→ **EXERCISE BRIEF**
Only these lines, please: the first one of the records through the one containing "Switch Charger for", retyped exactly, both ends included and pictures omitted.

→ **Dataset entries**
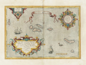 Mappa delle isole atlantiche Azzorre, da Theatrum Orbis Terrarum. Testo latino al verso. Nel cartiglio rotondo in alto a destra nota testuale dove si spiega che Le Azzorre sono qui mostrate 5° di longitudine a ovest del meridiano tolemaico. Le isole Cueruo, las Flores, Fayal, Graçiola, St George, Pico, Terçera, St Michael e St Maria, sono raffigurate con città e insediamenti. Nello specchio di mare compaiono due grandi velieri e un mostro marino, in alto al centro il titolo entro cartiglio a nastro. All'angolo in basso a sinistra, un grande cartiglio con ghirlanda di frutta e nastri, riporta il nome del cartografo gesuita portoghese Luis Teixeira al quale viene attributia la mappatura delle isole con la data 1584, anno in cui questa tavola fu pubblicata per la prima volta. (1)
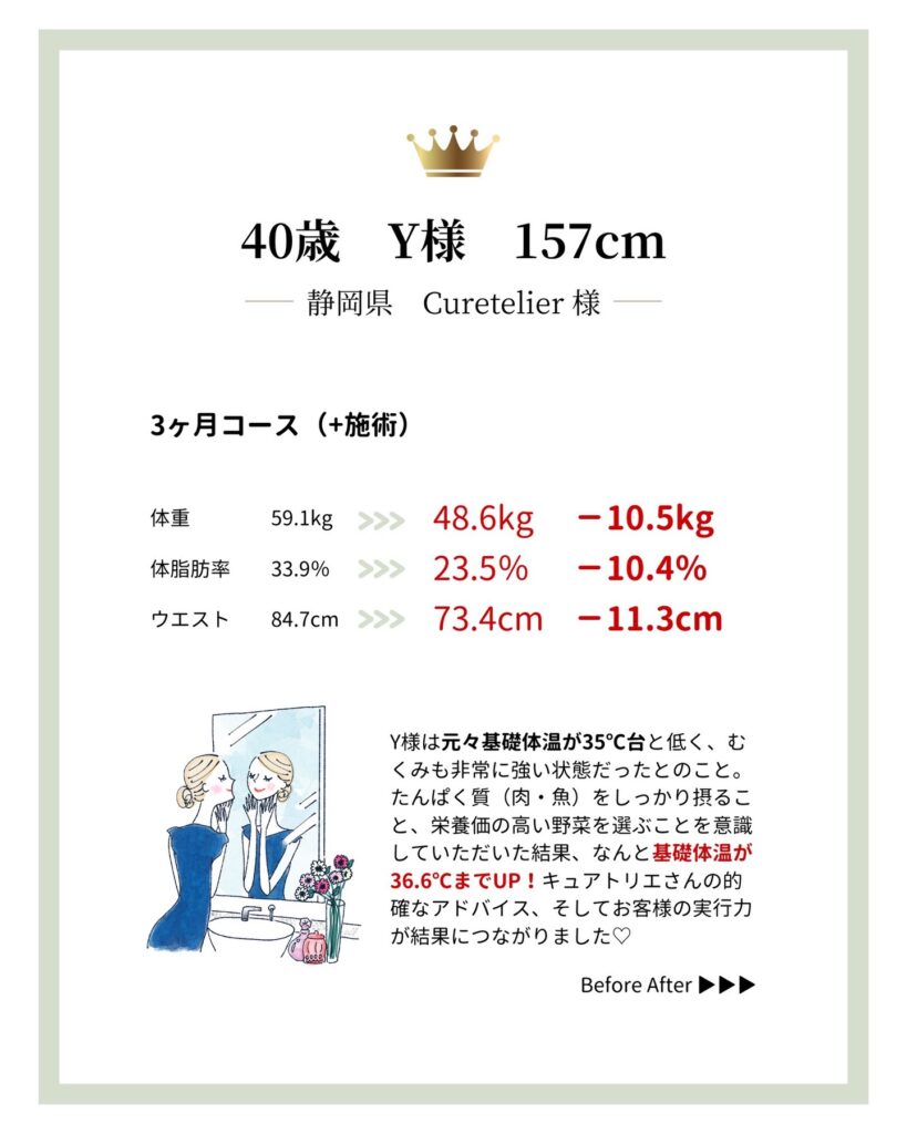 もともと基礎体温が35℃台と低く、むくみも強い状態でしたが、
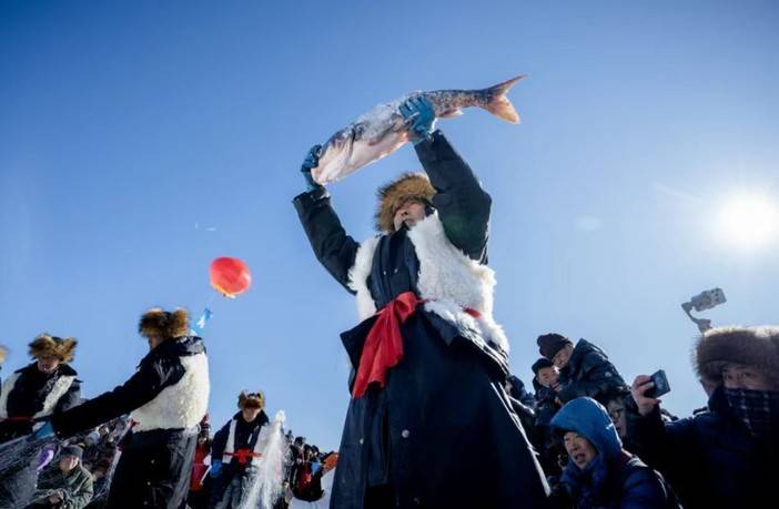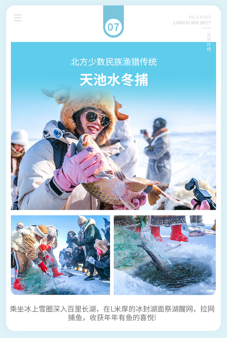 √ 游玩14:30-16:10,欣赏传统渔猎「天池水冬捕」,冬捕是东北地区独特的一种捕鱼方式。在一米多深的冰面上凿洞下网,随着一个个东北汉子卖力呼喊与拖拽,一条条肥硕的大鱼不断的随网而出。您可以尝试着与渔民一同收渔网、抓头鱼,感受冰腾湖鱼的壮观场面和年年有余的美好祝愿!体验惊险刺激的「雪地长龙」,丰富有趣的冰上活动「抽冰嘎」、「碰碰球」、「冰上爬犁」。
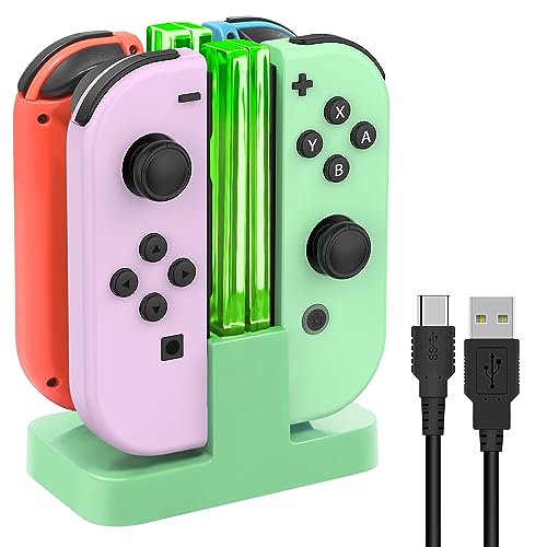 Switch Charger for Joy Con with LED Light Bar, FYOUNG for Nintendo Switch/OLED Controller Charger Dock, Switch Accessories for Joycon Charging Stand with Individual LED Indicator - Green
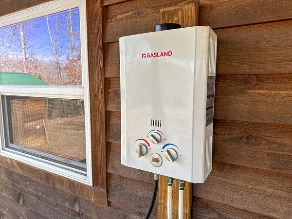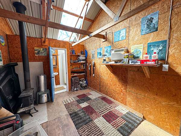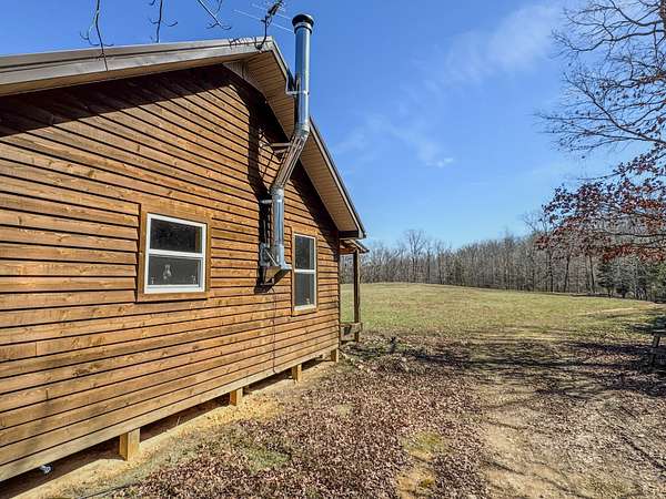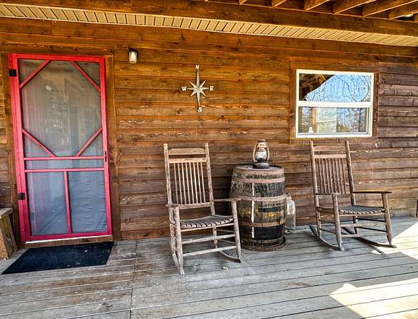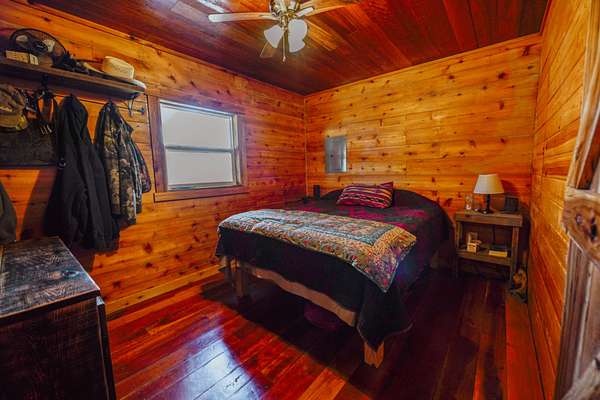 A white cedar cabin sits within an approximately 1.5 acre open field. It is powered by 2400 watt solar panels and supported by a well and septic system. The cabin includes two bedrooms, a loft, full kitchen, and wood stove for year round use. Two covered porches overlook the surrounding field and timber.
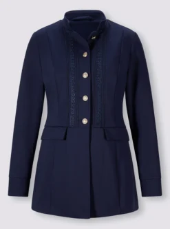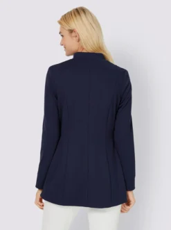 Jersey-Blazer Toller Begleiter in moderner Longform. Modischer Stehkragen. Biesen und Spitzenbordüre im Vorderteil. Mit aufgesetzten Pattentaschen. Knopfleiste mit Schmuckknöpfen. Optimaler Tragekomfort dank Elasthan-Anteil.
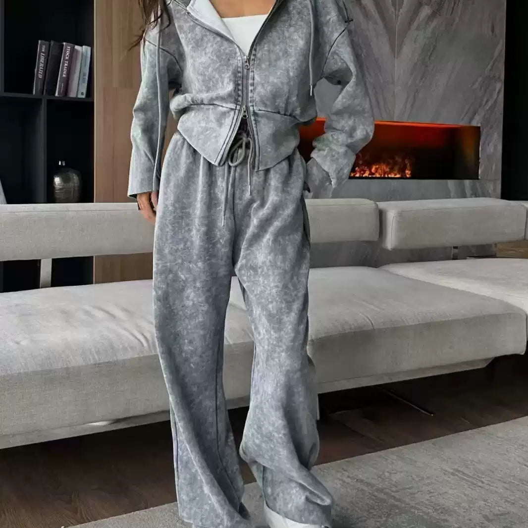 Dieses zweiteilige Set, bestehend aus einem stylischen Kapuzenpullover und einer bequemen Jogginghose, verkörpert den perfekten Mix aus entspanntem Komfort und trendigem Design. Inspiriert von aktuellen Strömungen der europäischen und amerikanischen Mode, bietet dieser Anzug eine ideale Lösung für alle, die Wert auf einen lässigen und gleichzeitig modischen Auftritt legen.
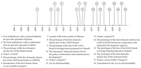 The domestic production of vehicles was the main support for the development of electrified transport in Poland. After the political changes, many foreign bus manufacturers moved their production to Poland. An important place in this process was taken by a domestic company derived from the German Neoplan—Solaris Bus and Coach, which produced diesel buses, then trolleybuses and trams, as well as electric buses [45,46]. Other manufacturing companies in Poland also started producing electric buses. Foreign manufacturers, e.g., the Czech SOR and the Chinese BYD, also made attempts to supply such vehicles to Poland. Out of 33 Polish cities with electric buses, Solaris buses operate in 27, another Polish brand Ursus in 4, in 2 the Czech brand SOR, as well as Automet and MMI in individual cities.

→ **RESULT FOR THIS TASK**
 Mappa delle isole atlantiche Azzorre, da Theatrum Orbis Terrarum. Testo latino al verso. Nel cartiglio rotondo in alto a destra nota testuale dove si spiega che Le Azzorre sono qui mostrate 5° di longitudine a ovest del meridiano tolemaico. Le isole Cueruo, las Flores, Fayal, Graçiola, St George, Pico, Terçera, St Michael e St Maria, sono raffigurate con città e insediamenti. Nello specchio di mare compaiono due grandi velieri e un mostro marino, in alto al centro il titolo entro cartiglio a nastro. All'angolo in basso a sinistra, un grande cartiglio con ghirlanda di frutta e nastri, riporta il nome del cartografo gesuita portoghese Luis Teixeira al quale viene attributia la mappatura delle isole con la data 1584, anno in cui questa tavola fu pubblicata per la prima volta. (1)
 もともと基礎体温が35℃台と低く、むくみも強い状態でしたが、
 √ 游玩14:30-16:10,欣赏传统渔猎「天池水冬捕」,冬捕是东北地区独特的一种捕鱼方式。在一米多深的冰面上凿洞下网,随着一个个东北汉子卖力呼喊与拖拽,一条条肥硕的大鱼不断的随网而出。您可以尝试着与渔民一同收渔网、抓头鱼,感受冰腾湖鱼的壮观场面和年年有余的美好祝愿!体验惊险刺激的「雪地长龙」,丰富有趣的冰上活动「抽冰嘎」、「碰碰球」、「冰上爬犁」。
 Switch Charger for Joy Con with LED Light Bar, FYOUNG for Nintendo Switch/OLED Controller Charger Dock, Switch Accessories for Joycon Charging Stand with Individual LED Indicator - Green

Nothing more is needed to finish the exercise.